Effect of Ionic Strength on Terminal Transformation in Immune Hemolysis

Mayer and Levine(l) described a reaction step in the lysis of sheep erythrocytes by antibody and complement which follows the action of all of the complement components on erythrocytes sensitized with antibody and takes place in the absence of these components from the fluid phase. They called this reaction step the terminal transformation and referred to erythrocytes which have reacted with antibody and all the complement components, but which have not yet lysed, as E∗. They also observed that an increase in the NaCl concentration in the medium from 0.143 m to 0.19 m does not affect the reaction.

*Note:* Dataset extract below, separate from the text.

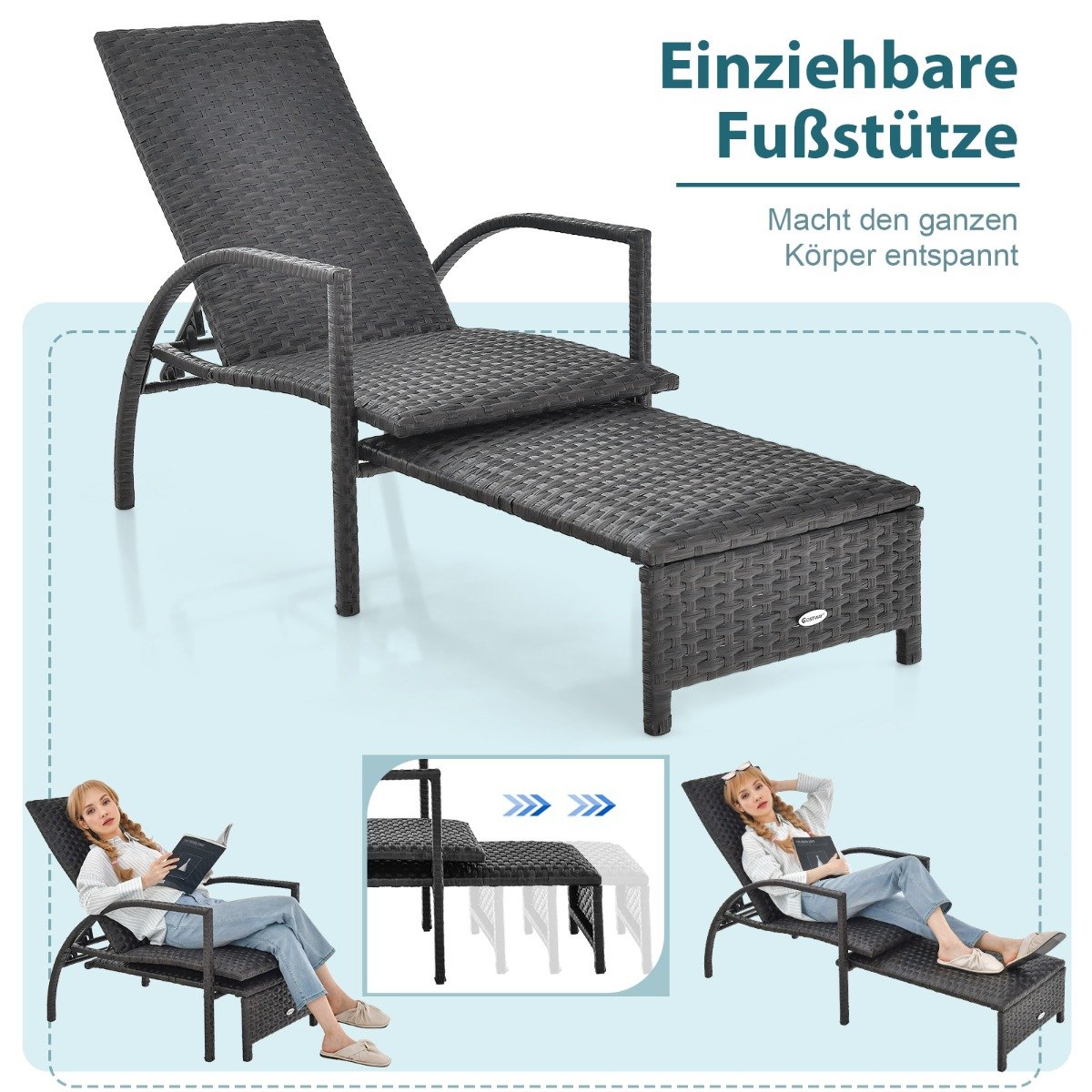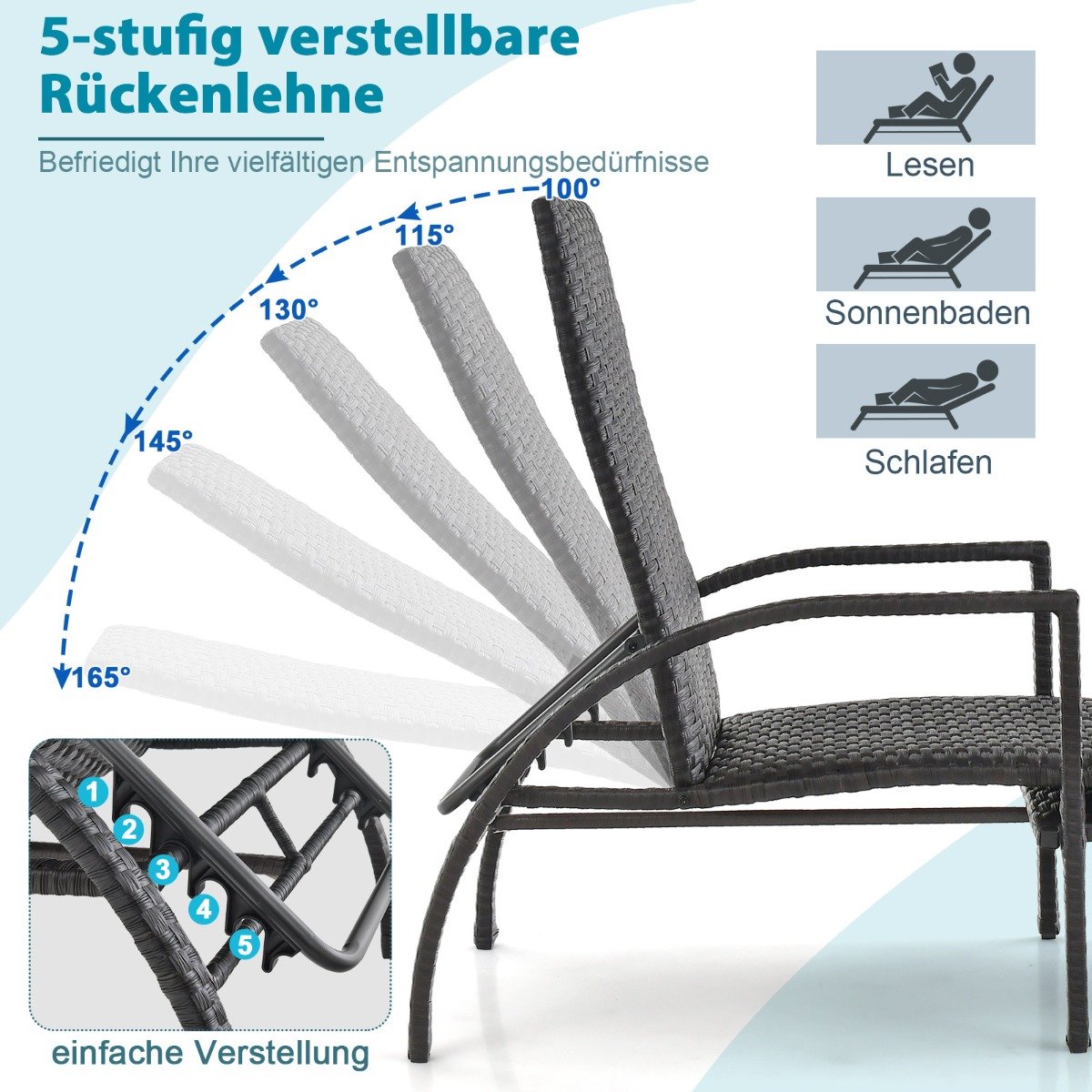 - 5 pakopų reguliuojamas atlošas užtikrina optimalią padėtį skaitant, deginantis ar tiesiog ilsintis.

In several recent studies(2-4) on the effect of ionic strength (I) on immune hemolysis and on some of the individual reaction steps which comprise this process, the ionic strength of the reaction medium has been varied over a wide range while maintaining constant osmolarity by substituting K₂SO₄, or uncharged substances such as sucrose, mannitol or inositol for the NaCl usually employed. None of these investigators, however, appears to have studied the possibility that these changes might also affect the terminal transformation. The present communication records an experiment which shows that this step in immune hemolysis is markedly inhibited in buffers of low ionic strength and that the degree of inhibition depends on the nature of the substance used as a substitute for NaCl.

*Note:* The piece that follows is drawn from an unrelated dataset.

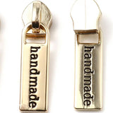 HARDWARE: Metal Zip Slider with "HANDMADE" Zipper Pull x 1: SIZE 5: Gold colour

A veronal-buffered NaCl solution (I = 0.147) was prepared according to the “Alternative Procedure” of Kabat and Mayer (5), except that bivalent cations were omitted. Veronal-buffered solutions of glucose, mannitol and sucrose∗ (each 0.284 m) were prepared by dissolving appropriate amounts of these substances and 1.019 g/1 of sodium 5,5'-diethylbarbiturate in water and adjusting to pH 7.4-7.5 by addition of n HC1 before adjusting to volume.